▶ _Exercise directions_
Two lines in the listing below mark the span: one contains "Amazon60cm Floating Wall" and one contains "ヤマト住建では、各対象項目(構造躯体・地". Reproduce both of them and everything between, exactly.

● ● ●

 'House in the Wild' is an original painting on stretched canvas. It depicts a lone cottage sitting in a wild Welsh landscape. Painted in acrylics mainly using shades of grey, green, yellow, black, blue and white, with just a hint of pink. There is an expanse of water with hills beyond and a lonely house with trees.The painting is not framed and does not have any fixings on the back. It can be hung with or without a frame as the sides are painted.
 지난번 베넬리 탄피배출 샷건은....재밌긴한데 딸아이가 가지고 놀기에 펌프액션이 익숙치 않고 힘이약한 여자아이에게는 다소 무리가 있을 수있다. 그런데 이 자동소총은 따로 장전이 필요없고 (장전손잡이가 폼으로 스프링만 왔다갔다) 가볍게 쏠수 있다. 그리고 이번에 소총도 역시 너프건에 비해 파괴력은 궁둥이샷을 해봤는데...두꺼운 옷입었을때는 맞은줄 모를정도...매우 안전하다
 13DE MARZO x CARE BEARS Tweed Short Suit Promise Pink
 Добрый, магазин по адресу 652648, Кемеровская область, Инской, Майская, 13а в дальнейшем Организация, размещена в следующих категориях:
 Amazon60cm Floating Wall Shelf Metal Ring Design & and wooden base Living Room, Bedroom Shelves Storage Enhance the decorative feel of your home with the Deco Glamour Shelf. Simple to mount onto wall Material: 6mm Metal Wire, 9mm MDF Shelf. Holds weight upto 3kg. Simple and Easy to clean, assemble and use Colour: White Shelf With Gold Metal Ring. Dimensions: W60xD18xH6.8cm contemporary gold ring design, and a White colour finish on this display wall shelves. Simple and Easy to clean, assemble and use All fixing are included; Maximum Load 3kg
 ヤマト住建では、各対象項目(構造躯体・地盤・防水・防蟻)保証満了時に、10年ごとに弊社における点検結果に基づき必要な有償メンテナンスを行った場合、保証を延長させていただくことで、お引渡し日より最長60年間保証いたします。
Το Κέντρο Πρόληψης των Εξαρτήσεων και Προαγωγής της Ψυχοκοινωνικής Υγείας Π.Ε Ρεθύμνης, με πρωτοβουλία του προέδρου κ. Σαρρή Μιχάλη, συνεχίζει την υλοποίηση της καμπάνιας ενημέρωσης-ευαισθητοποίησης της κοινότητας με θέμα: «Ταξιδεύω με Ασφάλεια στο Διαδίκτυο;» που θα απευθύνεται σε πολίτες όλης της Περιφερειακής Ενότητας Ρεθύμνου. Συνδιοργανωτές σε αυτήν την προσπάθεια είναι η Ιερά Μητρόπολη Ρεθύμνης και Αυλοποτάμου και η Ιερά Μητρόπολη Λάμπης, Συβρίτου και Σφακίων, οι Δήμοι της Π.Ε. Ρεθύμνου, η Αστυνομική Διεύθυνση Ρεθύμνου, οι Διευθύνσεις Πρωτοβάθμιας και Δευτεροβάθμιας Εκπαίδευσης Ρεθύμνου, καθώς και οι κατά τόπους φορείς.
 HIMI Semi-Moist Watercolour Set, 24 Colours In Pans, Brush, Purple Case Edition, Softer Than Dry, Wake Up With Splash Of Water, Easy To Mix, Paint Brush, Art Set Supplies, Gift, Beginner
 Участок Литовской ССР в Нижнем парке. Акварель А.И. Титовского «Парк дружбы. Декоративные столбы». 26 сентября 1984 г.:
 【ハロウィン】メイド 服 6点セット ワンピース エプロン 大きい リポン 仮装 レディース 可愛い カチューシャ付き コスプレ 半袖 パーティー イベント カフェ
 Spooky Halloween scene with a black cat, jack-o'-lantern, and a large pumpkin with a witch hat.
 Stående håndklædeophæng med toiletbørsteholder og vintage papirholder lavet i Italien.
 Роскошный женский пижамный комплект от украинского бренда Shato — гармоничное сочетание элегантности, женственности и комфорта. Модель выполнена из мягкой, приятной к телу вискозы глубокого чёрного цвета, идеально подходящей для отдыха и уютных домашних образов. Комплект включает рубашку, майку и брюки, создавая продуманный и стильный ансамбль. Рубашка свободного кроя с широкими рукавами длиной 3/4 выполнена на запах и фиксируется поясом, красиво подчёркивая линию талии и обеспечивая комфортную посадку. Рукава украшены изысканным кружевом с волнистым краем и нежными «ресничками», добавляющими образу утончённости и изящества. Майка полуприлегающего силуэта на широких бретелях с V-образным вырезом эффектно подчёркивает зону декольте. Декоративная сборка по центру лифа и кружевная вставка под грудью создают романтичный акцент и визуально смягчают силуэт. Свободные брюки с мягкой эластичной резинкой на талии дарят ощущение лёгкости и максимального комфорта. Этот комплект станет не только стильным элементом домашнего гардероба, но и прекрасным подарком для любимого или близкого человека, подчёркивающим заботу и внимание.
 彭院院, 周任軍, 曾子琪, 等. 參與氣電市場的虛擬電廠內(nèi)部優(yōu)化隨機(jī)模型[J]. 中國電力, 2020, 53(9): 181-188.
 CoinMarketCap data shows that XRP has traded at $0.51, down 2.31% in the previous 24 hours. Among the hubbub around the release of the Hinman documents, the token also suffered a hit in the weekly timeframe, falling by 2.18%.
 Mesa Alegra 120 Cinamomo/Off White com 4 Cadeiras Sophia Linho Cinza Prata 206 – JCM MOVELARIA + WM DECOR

● ● ●

▶ _Exercise result_
 Amazon60cm Floating Wall Shelf Metal Ring Design & and wooden base Living Room, Bedroom Shelves Storage Enhance the decorative feel of your home with the Deco Glamour Shelf. Simple to mount onto wall Material: 6mm Metal Wire, 9mm MDF Shelf. Holds weight upto 3kg. Simple and Easy to clean, assemble and use Colour: White Shelf With Gold Metal Ring. Dimensions: W60xD18xH6.8cm contemporary gold ring design, and a White colour finish on this display wall shelves. Simple and Easy to clean, assemble and use All fixing are included; Maximum Load 3kg
 ヤマト住建では、各対象項目(構造躯体・地盤・防水・防蟻)保証満了時に、10年ごとに弊社における点検結果に基づき必要な有償メンテナンスを行った場合、保証を延長させていただくことで、お引渡し日より最長60年間保証いたします。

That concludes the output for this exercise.